Cabinet position in the Philippines

The Secretary of Environment and Natural Resources (Filipino: Kalihim ng Kapaligiran at Likas na Yaman) is the head of the Department of Environment and Natural Resources of the Philippines.

== Functions ==
The following are the functions of a secretary:

- Advise the president on matters under a department's jurisdiction;
- Establish the policies and standards for a department's operation;
- Promulgate rules and regulations;
- Promulgate administrative issuances;
- Exercise disciplinary powers over officers and employees under a secretary;
- Appoint officers and employees in a department;
- Exercise jurisdiction over a department's bureaus, offices, agencies, and corporations;
- Delegate authority to officers and employees;
- Perform other functions provided by law.

==List==
=== Secretary of Agriculture and Natural Resources (1917–1933) ===

| Portrait | Name (Birth–Death) | Took office | Left office | Governor-General |
|  | Galicano Apacible (1864–1949) | January 11, 1917 | October 31, 1921 | Francis Burton Harrison |
Charles Yeater
Leonard Wood
|  | Rafael Corpus (1880–1960) | November 2, 1921 | July 17, 1923 |
|  | Silverio Apostol Acting | July 18, 1923 | September 6, 1928 |
Eugene Allen Gilmore
Henry L. Stimson
|  | Rafael Alunan Sr. (1885–1947) | September 6, 1928 | January 1, 1933 |
Eugene Allen Gilmore
Dwight F. Davis
George C. Butte
Theodore Roosevelt Jr.

=== Secretary of Agriculture and Natural Resources (1947–1974) ===

| Portrait | Name (Birth–Death) | Took office | Left office | President |
|  | Mariano Garchitorena (1898–1961) | July 1, 1947 | September 1, 1948 | Manuel Roxas |
Elpidio Quirino
|  | Placido Mapa | September 21, 1948 | September 14, 1950 |
|  | Fernando Lopez (1904–1993) | September 14, 1950 | May 26, 1953 |
|  | Placido Mapa Acting | May 26, 1953 | December 29, 1953 |
|  | Salvador Araneta (1902–1982) | March 10, 1954 | August 13, 1955 | Ramon Magsaysay |
|  | Juan Rodriguez | August 18, 1955 | March 3, 1960 |
Carlos P. Garcia
|  | Cesar Fortich | March 3, 1960 | September 15, 1961 |
|  | Jose Locsin (1891–1977) Acting | September 15, 1961 | December 30, 1961 |
|  | Benjamin Gozon | 1962 | 1963 | Diosdado Macapagal |
|  | Jose Feliciano | September 16, 1963 | 1965 |
|  | Fernando Lopez (1904–1993) | December 30, 1965 | January 15, 1971 | Ferdinand Marcos |
|  | Arturo Tanco Jr. | January 15, 1971 | May 17, 1974 |

=== Secretary of Natural Resources (1974–1978) ===
President Ferdinand Marcos issued Presidential Decree No. 461 on May 17, 1974, creating the Department of Natural Resources from the Department of Agriculture and Natural Resources.

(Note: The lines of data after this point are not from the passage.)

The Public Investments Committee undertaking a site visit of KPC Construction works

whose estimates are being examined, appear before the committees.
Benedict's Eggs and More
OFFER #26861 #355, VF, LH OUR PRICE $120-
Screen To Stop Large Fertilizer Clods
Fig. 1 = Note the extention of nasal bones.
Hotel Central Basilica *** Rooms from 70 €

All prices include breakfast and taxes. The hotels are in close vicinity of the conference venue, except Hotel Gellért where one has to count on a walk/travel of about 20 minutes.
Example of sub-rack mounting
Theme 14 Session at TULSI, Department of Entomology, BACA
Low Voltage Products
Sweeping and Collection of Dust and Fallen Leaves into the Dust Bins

| Portrait | Name (Birth–Death) | Took office | Left office | President |
|---|---|---|---|---|
|  | Jose Leido Jr. | May 17, 1974 | June 2, 1978 | Ferdinand Marcos |

=== Minister of Natural Resources (1978–1987) ===
President Ferdinand Marcos issued Presidential Decree No. 1397 on June 2, 1978, converting all departments into ministries headed by ministers.

| Portrait | Name (Birth–Death) | Took office | Left office | President |
|  | Jose Leido Jr. | June 2, 1978 | July 26, 1981 | Ferdinand Marcos |
|  | Teodoro Peña | July 27, 1981 | June 30, 1984 |
|  | Rodolfo del Rosario | July 18, 1984 | February 25, 1986 |
|  | Ernesto Maceda (1935–2016) | February 25, 1986 | December 1, 1986 | Corazon Aquino |
|  | Carlos Dominguez III (born 1945) | December 2, 1986 | January 30, 1987 |

=== Minister of Environment, Energy and Natural Resources (1987) ===
President Corazon Aquino issued Executive Order No. 131 on January 30, 1987, renaming the Ministry of Natural Resources as the Ministry of Environment, Energy, and Natural Resources.

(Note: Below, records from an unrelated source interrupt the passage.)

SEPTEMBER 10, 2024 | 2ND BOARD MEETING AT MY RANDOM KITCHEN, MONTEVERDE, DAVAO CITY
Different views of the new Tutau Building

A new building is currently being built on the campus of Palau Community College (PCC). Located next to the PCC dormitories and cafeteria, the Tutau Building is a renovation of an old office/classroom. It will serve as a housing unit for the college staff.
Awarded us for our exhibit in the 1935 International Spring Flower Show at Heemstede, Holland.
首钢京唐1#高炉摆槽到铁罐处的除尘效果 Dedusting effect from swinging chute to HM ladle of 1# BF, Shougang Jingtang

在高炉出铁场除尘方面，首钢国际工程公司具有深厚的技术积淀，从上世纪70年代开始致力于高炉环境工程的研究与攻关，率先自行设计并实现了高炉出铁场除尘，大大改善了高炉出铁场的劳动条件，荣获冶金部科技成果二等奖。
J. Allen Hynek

| Portrait | Name (Birth–Death) | Took office | Left office | President |
|---|---|---|---|---|
|  | Carlos Dominguez III (born 1945) | January 30, 1987 | February 11, 1987 | Corazon Aquino |

=== Secretary of Environment, Energy, and Natural Resources (1987) ===
President Corazon Aquino issued Administrative Order No. 15 on February 11, 1987, converting all ministries into departments headed by secretaries.

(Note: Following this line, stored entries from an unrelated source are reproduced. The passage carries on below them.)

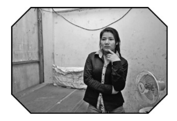
oldsymbol{A} Cambodian teenager, kidnapped and sold to a brothel, in the room where she works (Nicholas D. Kristof)

The tools to crush modern slavery exist, but the political will is lacking. That must be the starting point of any abolitionist movement. We're not arguing that Westerners should take up this cause because it's the fault of the West; Western men do not play a central role in prostitution in most poor countries. True, American and European sex tourists are part of the problem in Thailand, the Philippines, Sri Lanka, and Belize, but they are still only a small percentage of the johns. The vast majority are local men. Moreover, Western men usually go with girls who are more or less voluntary prostitutes, because they want to take the girls back to their hotel rooms, while forced prostitutes are not normally allowed out of the brothels. So this is not a case where we in the West have a responsibility to lead because we're the source of the problem. Rather, we single out the West because, even though we're peripheral to the slavery, our action is necessary to overcome a horrific evil.
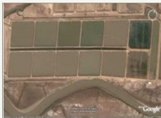
Figure 2: A well constructed farm in Surat area showing settlement, reservoir and culture ponds with 5:20:75 ratio.
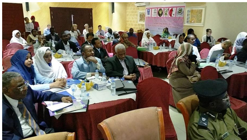
The workshop on Ending Violence against Women and Girls; Khartoum, March 2016.

1. On 8 March 2016, in a context of the International Women's Day, a workshop "Making the Awareness of Rule of Law and Human Rights work for Women" took place in Khartoum. 24 The
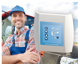
Weather Monitoring Station
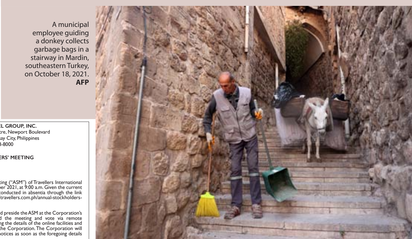
A municipal employee guiding a donkey collects garbage bags in a stairway in Mardin, southeastern Turkey, on October 18, 2021.

By Burcin Gercek MARDIN, Turkey—The sun peeks over the horizon of the medieval Turkish city of Mardin as a herd of cream-colored donkeys begins its day job collecting rubbish before relaxing to classical music in the evenings. Guided by city workers, the animals carry waste bags, winding through the narrow alleys of the city, built on a cliff overlooking what was once Mesopotamia, 60 kilometers (37 miles) from Syria. “We have been using them to clean the city for centuries. They are the only ones who can access these narrow streets,” says Kadri Toparli who works for the Mardin old town cleaning team. “Otherwise, it would be impossible to do this work.” With names like Gaddar (Cruel), Cefo (Indulgent) and Bozo (Pale), reflecting their personalities and features, the forty or so donkeys “have the status of municipal em-
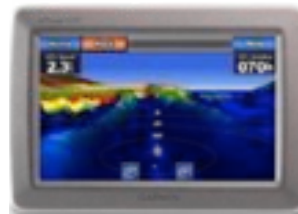
Figure 1. Garmin

These aims have led maritime software publishers to develop increasingly sophisticated platforms, offering very rich virtual environments and real time information updates. There are many companies on the embedded maritime navigation software market. They can be separated into two categories. The first part includes those, which develop applications enabling embedded sensors to be taken advantage of (radar, depth-finder, GPS, etc.), such as Rose Point [4], publisher of Coastal Explorer software (Figure 3) and MaxSea International [14], publisher of the MaxSea TimeZero software (Figure 2). Other companies offer hardware platforms in addition to their software applications, like Furuno [10] (Figure 4) and Garmin [11] (Figure 1).
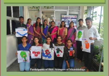
Micro Skit Participants
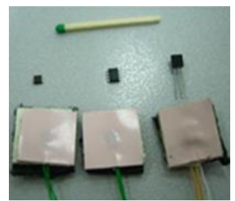
Figure 4. DS18B20 digital temperature sensors in flexible thermal conductive covers.

Another important matter is the proper implementation of a commercial sensor into a textile product and finding the appropriate base, compatible with the active layer, characterized by specific parameters. It is also important to provide a suitable encapsulation coating for the finished component that will protect it from the various operational exposures that result from the implementation within a textile product, such as moisture and chemical agents. From the point of view of mobile textronic applications, the less important parameters of digital sensors are their size and housing type, as well as the signal output system and their average and instantaneous power consumption during operation. Due to their comfort and functionality, such systems should, in addition to high static accuracy and good dynamics, be characterized by the smallest possible size and flexibility. <sup>71</sup> An exemplary digital textronic sensor is presented in Figure 4.
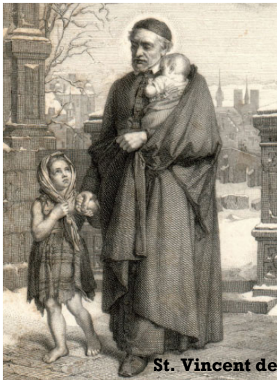
St. Vincent de Paul

Our St. Isaac Jogues Outreach Ministry works to follow the teachings of St. Vincent de Paul. He tells us:
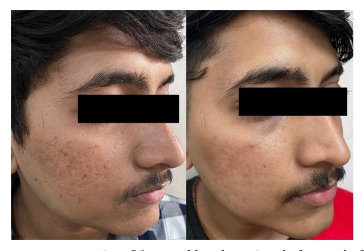
Figure 3(A&B): Rolling and boxcar acne scars in a 26-year-old male patient before and after three sessions of fractional resurfacing using 25 mJ with a density of 15%, showing moderate improvement; (A) right cheek, baseline; (B) right cheek, post treatment.
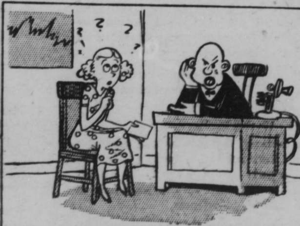
SOME STENOGRAPHERS ARE SO DUMB—THEY THINK SCRATCH PADS ARE USED TO RELIEVE MOSQUITO BITES.
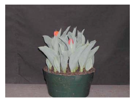
14 wks cold; in grnhse 5 Jan. (1441)
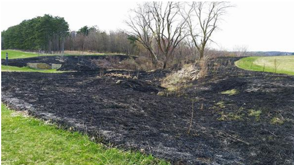
Above: The Ravine Prairie Burn

During the first week in April, four different prairies at PFC were burned. The next day it snowed, so we took advantage of the spring-like weather. The Blackhawk Prairie and the Ravine were then burned on April 17th once the prairies had a chance to dry out a bit.

| Portrait | Name (Birth–Death) | Took office | Left office | President |
|  | Carlos Dominguez III (born 1945) | February 11, 1987 | March 9, 1987 | Corazon Aquino |
|  | Jun Factoran (1943–2020) | March 10, 1987 | June 10, 1987 |

=== Secretary of Environment and Natural Resources (from 1987) ===
President Corazon Aquino issued Executive Order No. 192 on June 10, 1987, renaming the Department of Environment, Energy, and Natural Resources as the Department of Environment and Natural Resources.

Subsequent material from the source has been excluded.